# Fundamentals of Social Data Science 
## Week 3 Day 2. Lab. Text Processing 

In this lab I have generated some methods that will allow you to download posts from Reddit. It accepts a list of subreddits of arbitrary length, which are each processed independently and stored in a single `results` dictionary. The keys of the dictionary are the subreddits. Underneath each subreddit is a dictionary of sub-specific result objects, like "vectorizer" and "top terms".

Please read through the code. You will need to add your username. The code is intentionally broken so you will need to add that before running this. Other than that you should not need to make any modifications to the cell with the `RedditScraper` class. 

In the cell below is some code to run these methods. At the top are some parameters that you should set. These are typically written in ALL CAPS. You should read the code to understand what they do. 

# Exercises: 
    
0. **Explore subreddits**. The below code uses 'ukpolitics', 'unitedkingdom', and 'uknews'. These were loosely motivated by an interest in whether uknews has become a reactionary subreddit with generally conservative opinions. By comparing it to the other two (which other work has suggested are generally quite similar), we might get a sense of this from the top keywords. Try some other subs related to a topic where you suspect there will be some interesting distinctions. Motivate the distinctions. If you aren't sure about the subs, query an LLM (they are typically trained on a _lot_ of Reddit data and will know good subs). So instead of trying for /r/men and /r/women, if you ask about subs for gender-based interests, it might suggest /r/TwoXChromosomes and /r/MensRights as interesting distinctions. 
1. **Understand the results data structure**. The `results` object returns the top 5
   terms. How would you access more than 5 terms? Expand the results to see 10. Consider
   what way is more general and flexible. How might you change the code so that there is
   a `TOP_N = 10` which is then passed through the code so that the results dictionary
   contains ten terms in the "top_terms" DataFrame rather than hard coding it in the
   method below?

> I added a `TOP_N` global variable and pass it into `analyze_subreddit` as an optional
> keyword argument.

2. **Store results**. Every time we run the code we query Reddit again. How can we store our data so that it is cached for another round? There are many approaches to this and among your group you may discover everything from 'just save the json' to 'DataFrame and then export to feather' to some who would ambitiously use MongoDB. Given this is a simple exercise for now, keep this step simple as you need it to be while still usable enough if you want to add more data.
3. **Plot keywords over time**. Expand your results to anywhere from 250 upwards (I would here cap at 500 max and think that the api might only return last 1000 but untested). Determine the top keywords using TFIDF. Then plot the frequency of these keywords over this time period for these results.   
4. **Table the most common URLs for stories**. Triangulate these plots with a table summarising the top news outlets for this sub in this time period. Notice the starter code to process this from the posts data that has been stored in a large `submissions` dictionary. Note, this code does not turn all the `json` into a DataFrame, but extracts only the URL column and processes that. It also uses a _regular expression_ to separate out the top level domain, which may or may not be the most robust.  
5. **Write a summary**. Solely for reflection at this point, write some intuitions that you discover with this exploration. 
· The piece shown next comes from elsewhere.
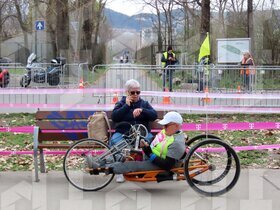 Budapest, 2026. március 21. One of the participants of the Margaret Island's Vivicittá running race. A margitszigeti Vivicittá futóverseny egyik résztvevője triciklin.

## Caveats for the exercise: 
- Reddit might severely limit the number of posts you download using this scraper even with your name appropriately in the username, so be judicious with your exploration (hence exercise 2 _first_). 
- While you might not have extensive experience with Reddit, I can be confident that there are subreddits on most imaginable topics that can be found with little challenge. However, these subs will have vastly different numbers of subscribers and activity, so bear that in mind with any interpretation when tempted to generalise what is found _beyond_ Reddit (i.e. generalising from /r/republicans to Republicans in the US). 
- You may be tempted out of curiosity to expand your data collection. You will find that this will lead to a trade off if you do not further process your data. If you have 1000 rows for headlines and 3000 for words, that's a big matrix that has to be multiplied by vectors. At some point the size of the matrix will be unnecessary as well as slow. You may need to consider different parameters for `MIN_DOC_FREQ` to get a balance between a big matrix and a meaningful one. 
- These results have not been cleared for publication with CUREC, but only for use within classroom and for illustrative purposes. Please do not upload raw reddit data to your own GitHub archive nor seek to publish these results.  (Notice that I have pre-emtively edited the .gitignore to include a `data/` folder where you can store results without uploading them). Seek advice from research.fac@oii.ox.ac.uk for use for a comparable project should you wish to publish this work. If you wish to produce a blog post or other informal analysis, this should be presented in such a way that it is not misconstrued that the University has endorsed this work for publication. 

# Where we are headed with this exercise 

### Today: 
Collect reddit data, make it robust and explore TF-IDF results. 

### Week 3 Day 3. Friday: 
We use contine the use of the TF-IDF matrix and introduce cosine distance. We show how to plot it using t-SNE. This might sound abstract but the results will be fascinating as we see words plotted in coherent clusters that seem to reveal inductive patterns. 

Worksheets will be uploaded to this repo. 

### Week 4 Day 1. Monday: 
We will use two simple forms of classification, k-means and Naive Bayes Clustering. You might also be familiar with LDA or 'topic modelling'. We will not cover this as the technique deserves some care to understand its internals even if it is easy to run out of the box. But it is not far as an extension from where we end up. 

In the lab we will then compare classification results to results from the t-SNE and exploration of distance from Friday. 

### Week 4 Day 2. Wednesday: 
We will introduce the `networkx` and `community` package and show how to both construct a network from threaded comments and users of these comments. This will involve two types of graphs: DAGs and Bipartite graphs. 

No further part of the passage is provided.